> **WORK INSTRUCTIONS**
Taking the entries below, transcribe only the lines starting with the one with "金丰懂设计,更懂生活。以时尚" and going on through the one with "EZ Webmaster August 7, 2025 EZ", exactly as written, without the pictures.

> **RECORDS SUPPLIED**
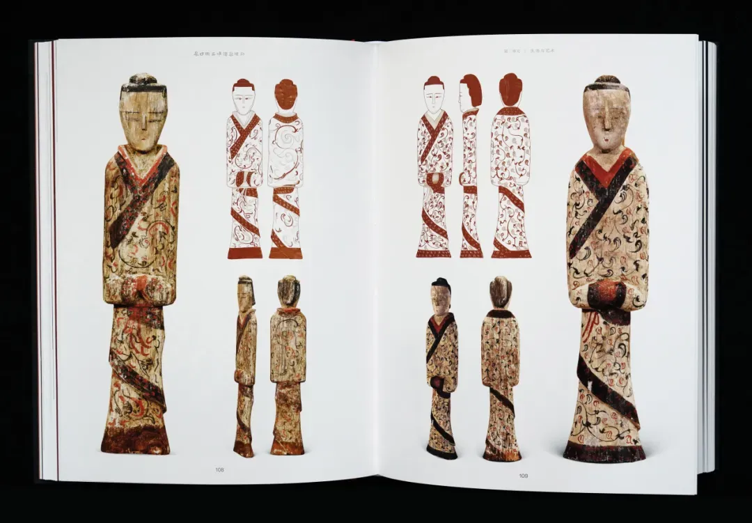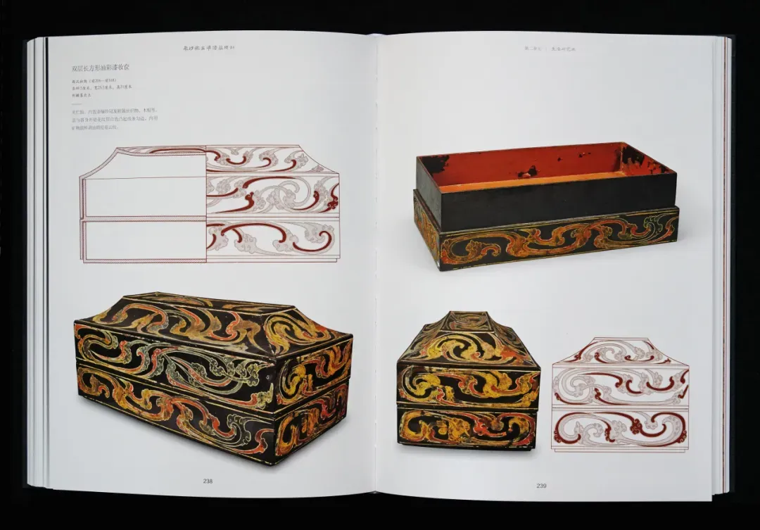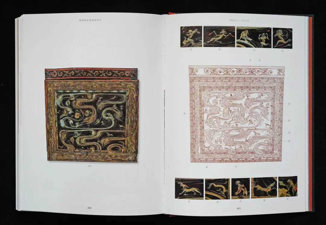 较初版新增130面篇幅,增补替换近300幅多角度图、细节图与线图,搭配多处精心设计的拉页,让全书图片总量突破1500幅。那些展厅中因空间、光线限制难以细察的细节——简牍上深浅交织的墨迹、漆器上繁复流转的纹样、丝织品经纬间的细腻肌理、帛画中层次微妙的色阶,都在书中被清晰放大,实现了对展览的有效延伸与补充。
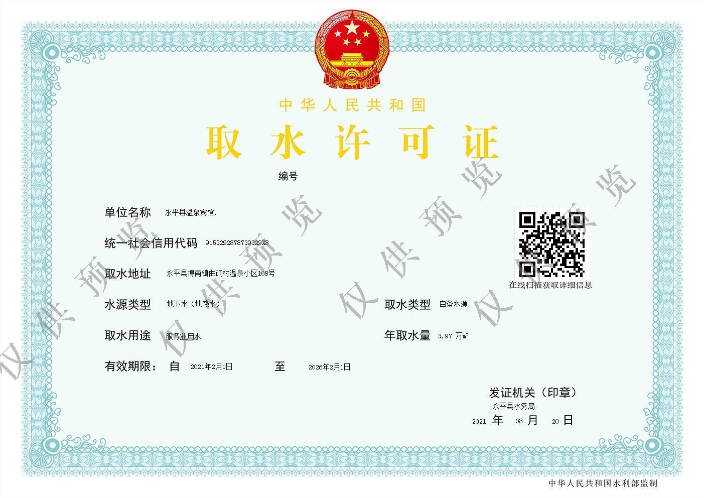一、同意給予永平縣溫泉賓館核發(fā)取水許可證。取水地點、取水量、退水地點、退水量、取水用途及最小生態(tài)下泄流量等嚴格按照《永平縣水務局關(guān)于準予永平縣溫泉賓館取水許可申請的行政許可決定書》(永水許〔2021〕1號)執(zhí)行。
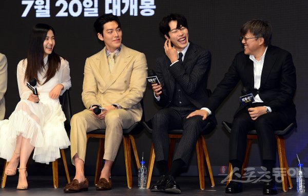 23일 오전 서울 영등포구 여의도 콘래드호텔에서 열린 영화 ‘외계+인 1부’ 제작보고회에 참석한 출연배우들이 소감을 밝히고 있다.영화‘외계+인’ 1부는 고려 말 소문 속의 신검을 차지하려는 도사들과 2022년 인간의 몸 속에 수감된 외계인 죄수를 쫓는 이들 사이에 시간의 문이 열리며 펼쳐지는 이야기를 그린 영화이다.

==

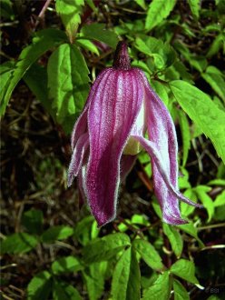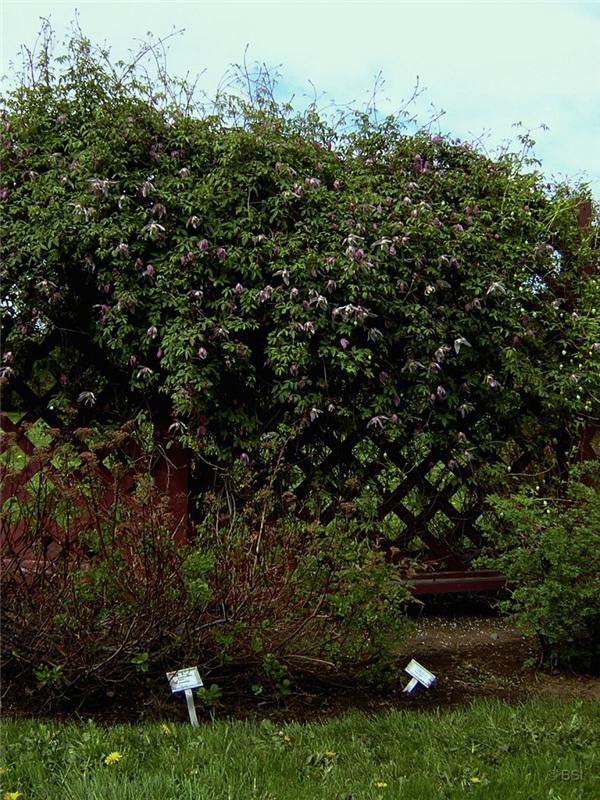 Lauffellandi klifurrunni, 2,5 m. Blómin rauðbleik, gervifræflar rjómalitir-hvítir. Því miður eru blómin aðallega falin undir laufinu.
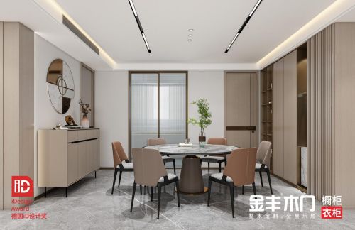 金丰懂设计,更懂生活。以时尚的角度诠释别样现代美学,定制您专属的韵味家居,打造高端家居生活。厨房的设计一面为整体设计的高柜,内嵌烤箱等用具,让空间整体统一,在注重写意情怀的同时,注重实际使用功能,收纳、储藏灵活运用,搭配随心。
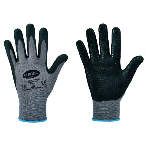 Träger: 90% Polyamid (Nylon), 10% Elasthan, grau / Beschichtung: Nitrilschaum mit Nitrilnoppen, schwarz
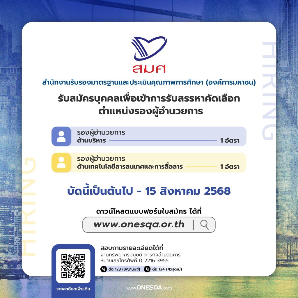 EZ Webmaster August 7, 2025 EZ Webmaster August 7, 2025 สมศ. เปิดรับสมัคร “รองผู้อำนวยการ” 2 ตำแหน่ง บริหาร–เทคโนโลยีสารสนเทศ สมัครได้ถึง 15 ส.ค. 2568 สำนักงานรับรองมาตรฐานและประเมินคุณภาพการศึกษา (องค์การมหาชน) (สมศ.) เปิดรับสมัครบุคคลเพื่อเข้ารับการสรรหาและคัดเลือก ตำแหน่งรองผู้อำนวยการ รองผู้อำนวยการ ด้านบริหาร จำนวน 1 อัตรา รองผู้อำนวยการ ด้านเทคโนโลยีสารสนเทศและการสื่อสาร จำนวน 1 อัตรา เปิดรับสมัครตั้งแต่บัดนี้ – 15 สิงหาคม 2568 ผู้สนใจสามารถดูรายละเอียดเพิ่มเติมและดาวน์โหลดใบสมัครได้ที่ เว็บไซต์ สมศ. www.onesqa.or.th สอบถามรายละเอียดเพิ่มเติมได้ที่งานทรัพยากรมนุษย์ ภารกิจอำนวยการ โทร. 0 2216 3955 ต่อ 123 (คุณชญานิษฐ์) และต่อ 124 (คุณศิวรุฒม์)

---

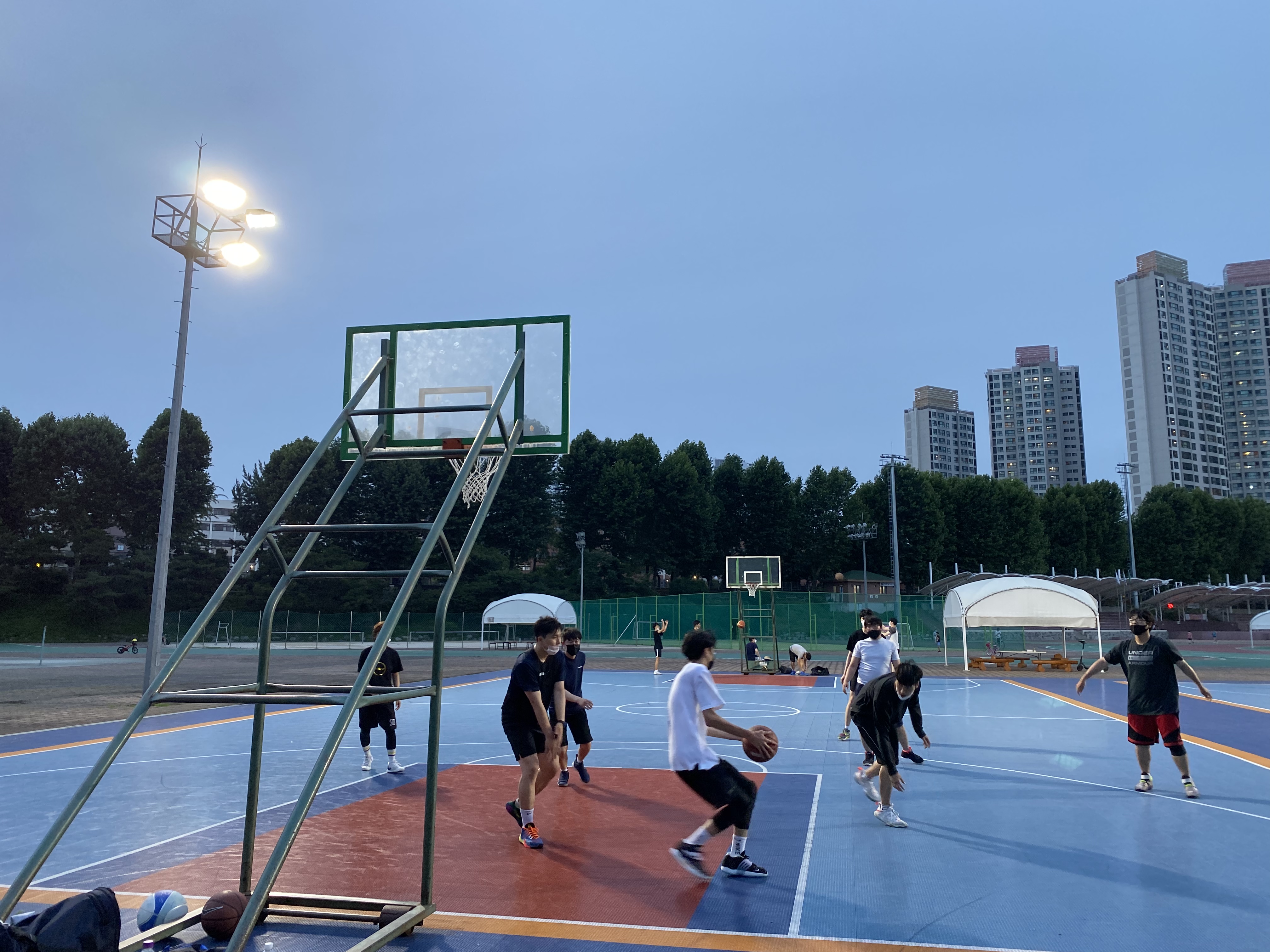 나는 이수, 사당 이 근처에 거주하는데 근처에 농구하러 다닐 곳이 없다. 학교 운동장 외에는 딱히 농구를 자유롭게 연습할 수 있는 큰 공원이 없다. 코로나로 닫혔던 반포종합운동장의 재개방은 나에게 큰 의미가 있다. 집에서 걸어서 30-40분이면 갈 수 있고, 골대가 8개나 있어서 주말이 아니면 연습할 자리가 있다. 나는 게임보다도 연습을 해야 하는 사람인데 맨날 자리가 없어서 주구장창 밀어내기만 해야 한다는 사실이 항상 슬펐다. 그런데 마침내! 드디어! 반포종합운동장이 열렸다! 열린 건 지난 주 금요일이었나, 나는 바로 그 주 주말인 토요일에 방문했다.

> **RESULT OF THE TASK**
 金丰懂设计,更懂生活。以时尚的角度诠释别样现代美学,定制您专属的韵味家居,打造高端家居生活。厨房的设计一面为整体设计的高柜,内嵌烤箱等用具,让空间整体统一,在注重写意情怀的同时,注重实际使用功能,收纳、储藏灵活运用,搭配随心。
 Träger: 90% Polyamid (Nylon), 10% Elasthan, grau / Beschichtung: Nitrilschaum mit Nitrilnoppen, schwarz
 EZ Webmaster August 7, 2025 EZ Webmaster August 7, 2025 สมศ. เปิดรับสมัคร “รองผู้อำนวยการ” 2 ตำแหน่ง บริหาร–เทคโนโลยีสารสนเทศ สมัครได้ถึง 15 ส.ค. 2568 สำนักงานรับรองมาตรฐานและประเมินคุณภาพการศึกษา (องค์การมหาชน) (สมศ.) เปิดรับสมัครบุคคลเพื่อเข้ารับการสรรหาและคัดเลือก ตำแหน่งรองผู้อำนวยการ รองผู้อำนวยการ ด้านบริหาร จำนวน 1 อัตรา รองผู้อำนวยการ ด้านเทคโนโลยีสารสนเทศและการสื่อสาร จำนวน 1 อัตรา เปิดรับสมัครตั้งแต่บัดนี้ – 15 สิงหาคม 2568 ผู้สนใจสามารถดูรายละเอียดเพิ่มเติมและดาวน์โหลดใบสมัครได้ที่ เว็บไซต์ สมศ. www.onesqa.or.th สอบถามรายละเอียดเพิ่มเติมได้ที่งานทรัพยากรมนุษย์ ภารกิจอำนวยการ โทร. 0 2216 3955 ต่อ 123 (คุณชญานิษฐ์) และต่อ 124 (คุณศิวรุฒม์)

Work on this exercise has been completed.